The reproducibility of COVID-19 data analysis: paradoxes, pitfalls, and future challenges

Clelia Di Serio; Antonio Malgaroli; Paolo Ferrari; Ron S Kenett

doi:10.1093/pnasnexus/pgac125

The reproducibility of COVID-19 data analysis: paradoxes, pitfalls, and future challenges

PNAS Nexus. 2022 Aug 23;1(3):pgac125. doi: 10.1093/pnasnexus/pgac125. eCollection 2022 Jul.

Authors

Clelia Di Serio^{1

2

3}, Antonio Malgaroli¹, Paolo Ferrari^{3

4

5}, Ron S Kenett^{6

7}

Affiliations

¹ Vita-Salute San Raffaele University, UniSR, Milan, Italy.
² University Centre of Statistics in the Biomedical Sciences CUSSB, UniSR, Milan, Italy.
³ Biomedical Faculty, Università della Svizzera Italiana, Lugano, Switzerland.
⁴ Ente Ospedaliero Cantonale, Lugano, Switzerland.
⁵ Clinical School, University of New South Wales, Sydney, Australia.
⁶ KPA,Samuel Neaman Institute, Technion, Haifa, Israel.
⁷ University of Turin, Turin, Italy.

Abstract

In the midst of the COVID-19 experience, we learned an important scientific lesson: knowledge acquisition and information quality in medicine depends more on "data quality" rather than "data quantity." The large number of COVID-19 reports, published in a very short time, demonstrated that the most advanced statistical and computational tools cannot properly overcome the poor quality of acquired data.

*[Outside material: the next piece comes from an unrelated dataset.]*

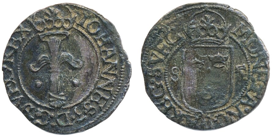 Coins, Sweden. Johan III, SM 122, 1 fyrk 1585. 1.01 g. Stockholm. 1+.

The main evidence for this observation comes from the poor reproducibility of results. Indeed, understanding the data generation process is fundamental when investigating scientific questions such as prevalence, immunity, transmissibility, and susceptibility. Most of COVID-19 studies are case reports based on "non probability" sampling and do not adhere to the general principles of controlled experimental designs. Such collected data suffers from many limitations when used to derive clinical conclusions. These include confounding factors, measurement errors and bias selection effects. Each of these elements represents a source of uncertainty, which is often ignored or assumed to provide an unbiased random contribution. Inference retrieved from large data in medicine is also affected by data protection policies that, while protecting patients' privacy, are likely to reduce consistently usefulness of big data in achieving fundamental goals such as effective and efficient data-integration. This limits the degree of generalizability of scientific studies and leads to paradoxical and conflicting conclusions. We provide such examples from assessing the role of risks factors. In conclusion, new paradigms and new designs schemes are needed in order to reach inferential conclusions that are meaningful and informative when dealing with data collected during emergencies like COVID-19.